The AI Boom: Not If It Bursts, But What Legacy It'll Leave
The West Coast gold rush permanently changed the US landscape. From 1848 and 1855, some 300,000 people descended there, drawn by dreams of wealth. This influx came at a terrible cost, involving the displacement of Indigenous communities. However, the real beneficiaries turned out to be not the prospectors, but the businessmen selling them shovels and canvas trousers.
Now, the state is witnessing a different kind of frenzy. Focused in Silicon Valley, the new pot of gold is Artificial Intelligence. The pressing debate isn't whether this constitutes a speculative bubble—numerous experts, from AI leaders and financial authorities, argue it clearly is. The real inquiry is understanding what kind of phenomenon it represents and, most importantly, what enduring consequences might look like.

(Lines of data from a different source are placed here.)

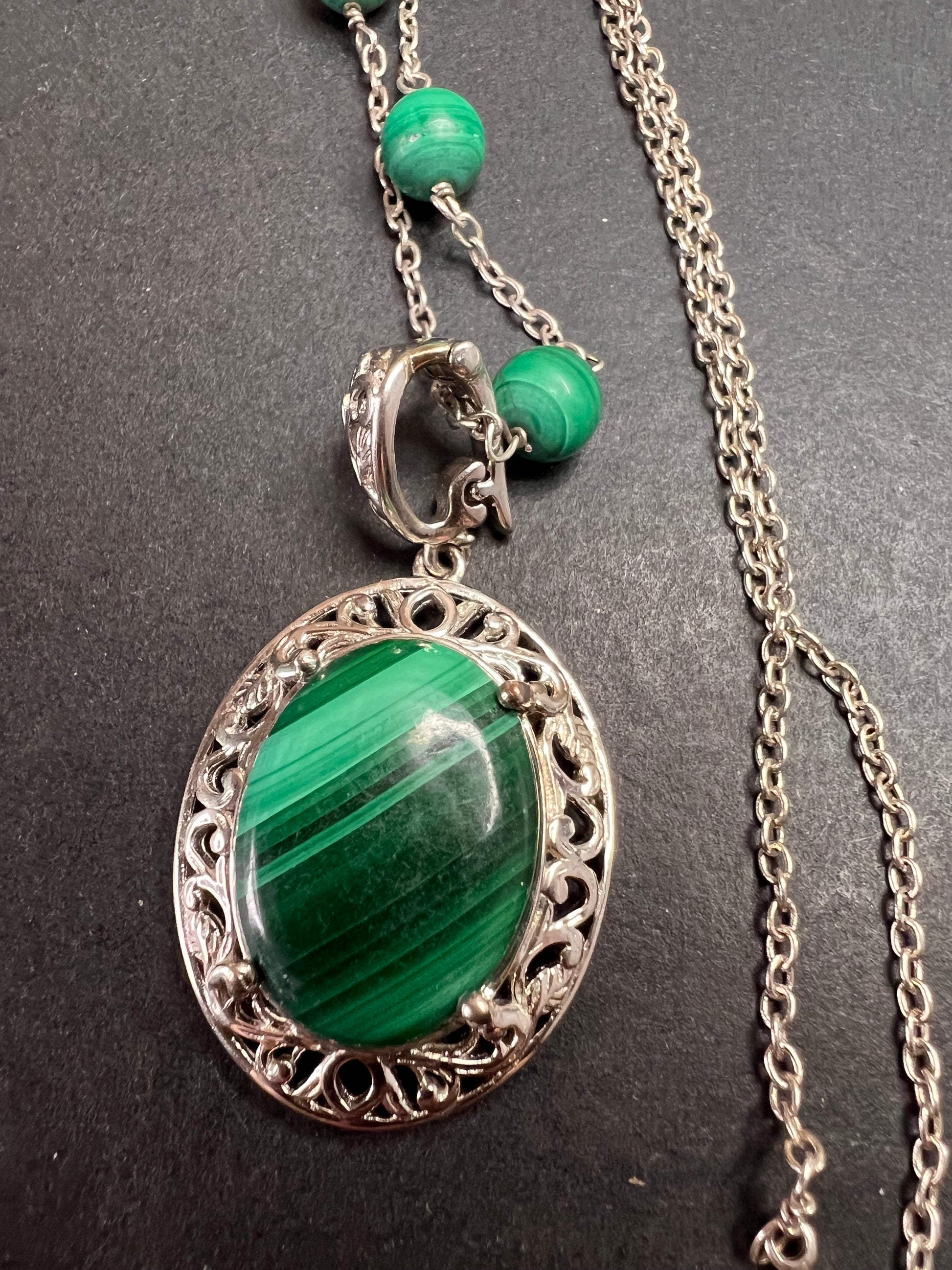 Genuine African malachite stone beads and enhancer pendant. Beads measure roughly 7 mm in diameter. Enhancer opens at bale for easy removal to be worn with other jewelry. Lobster clasp. Set in platinum bond ( platinum plated over stainless steel). Mark on back of pendant is Karis STS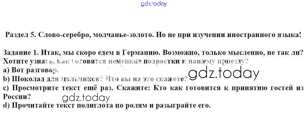 На страницах сайта gdz.today вы найдете учебный и вспомогательный материал, направленный на улучшения знаний школьной программы. ГДЗ - онлайн мир знаний Раздел 5 Решение к главе 3. Мы готовимся к путешествию по Германии 1 Учебнику по Немецкому языку для 8 класса Бим, Садомова Просвещение 2014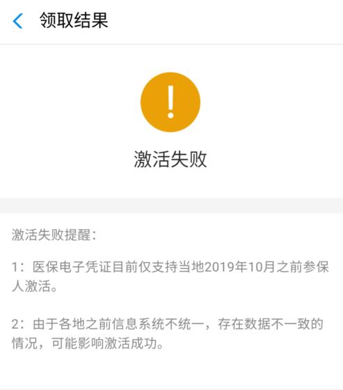二、若您领取医保电子凭证页面提示激活失败可能因为以下两种情况: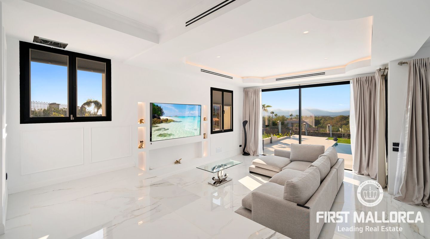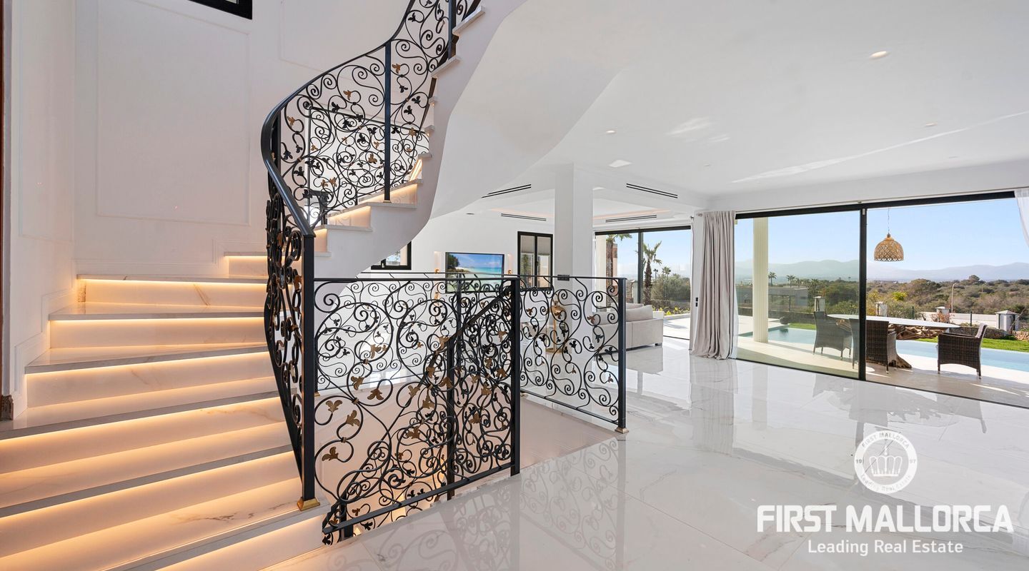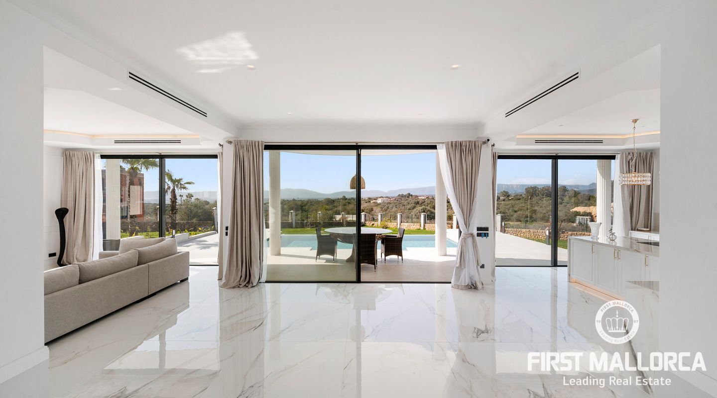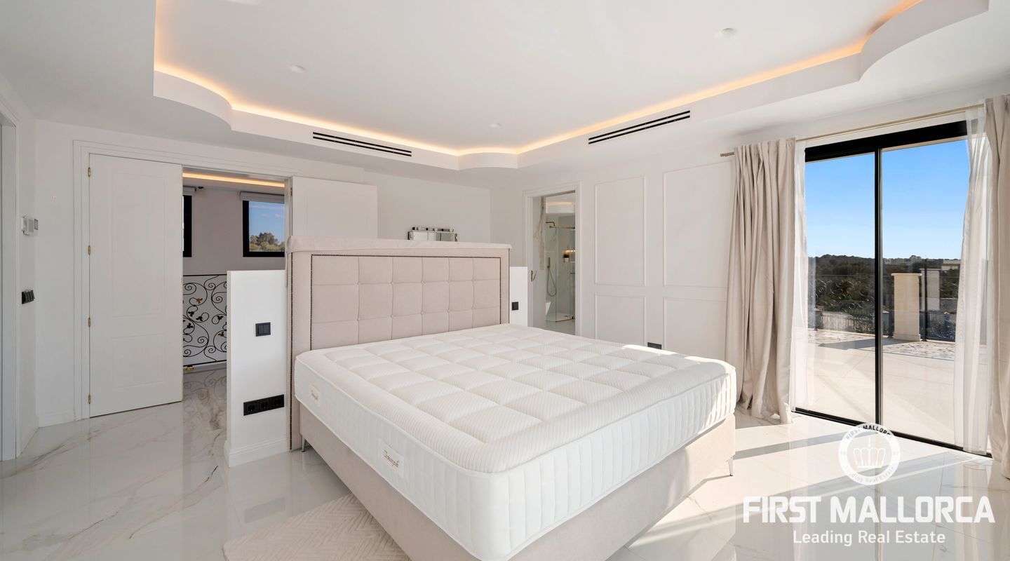La villa dispone de 4 amplios dormitorios, tres de los cuales tienen baño privado y la gran suite principal ocupa toda la planta superior, un refugio exclusivo con un lujoso cuarto de baño con ducha y bañera, un vestidor y una terraza privada de aproximadamente 100m2 con impresionantes vistas. La planta baja tiene un diseño de planta abierta con ventanas de suelo a techo, un luminoso salón, una elegante cocina con isla central y puertas que dan a las terrazas, el jardín y la hermosa piscina.

A Chronicle of Bubbles and Their Aftermath
All bubbles exhibit a common trait: investors pursuing a vision. But their manifestations vary. During the early 2000s, the housing crisis nearly brought down the global banking system. Earlier, the internet bubble collapsed when investors realized that web-based pet food delivery were not inherently valuable.
The pattern goes back centuries. From the 17th-century Dutch tulip mania to the 18th-century South Sea Company bubble, the past is replete with examples of euphoria giving way to collapse. Analysis indicates that almost every major technological frontier invites a speculative surge that eventually overheats.
Almost each emerging frontier opened up to investment has resulted in a speculative frenzy. Investors rush to tap into its promise only to overdo it and retreat in retreat.
The Critical Question: Housing or Housing?
Thus, the essential issue about the current AI funding landscape is not concerning its inevitable deflation, but the nature of its aftermath. Would it mirror the 2008 crisis, leaving a crippled banking sector and a deep, protracted downturn? Or, might it be more like the tech bubble, which, while disruptive, in the end paved the way for the modern internet?
A key factor is funding. The housing crisis was propelled by reckless mortgage credit. Today's worry is that this AI spending spree is increasingly reliant on borrowing. Leading technology companies have reportedly raised record amounts of debt this period to fund costly data centers and hardware.
Such reliance creates broader vulnerability. Should the optimism deflates, heavily indebted entities could default, potentially causing a credit crisis that extends well past Silicon Valley.
The Even Deeper Question: Is the Technology Itself Viable?
Beyond funding, a even more basic question exists: Will the prevailing approach to AI itself endure? Previous bubbles frequently left behind transformative infrastructure, like railroads or the web.
However, prominent thinkers in the AI community now question the roadmap. Some suggest that the enormous spending in LLMs may be misguided. They contend that achieving genuine Artificial General Intelligence—the superhuman mind—requires a different foundation, like a "world model" architecture, rather than the current correlation-based systems.
Should this view turns out to be correct, a significant chunk of the current astronomical AI investment could be channeled down a technological dead end. Similar to the 49ers of old, modern investors might find that providing the shovels—here, chips and computing power—doesn't guarantee that there is actual transformative intelligence to be discovered.
Conclusion
The AI moment is certainly a speculative surge. Its critical work for observers, policymakers, and society is to see past the coming market correction and focus on the dual outcomes it will forge: the financial damage left in its aftermath and the technological assets, if any, that remain. Our long-term could depend on which legacy ends up the most significant.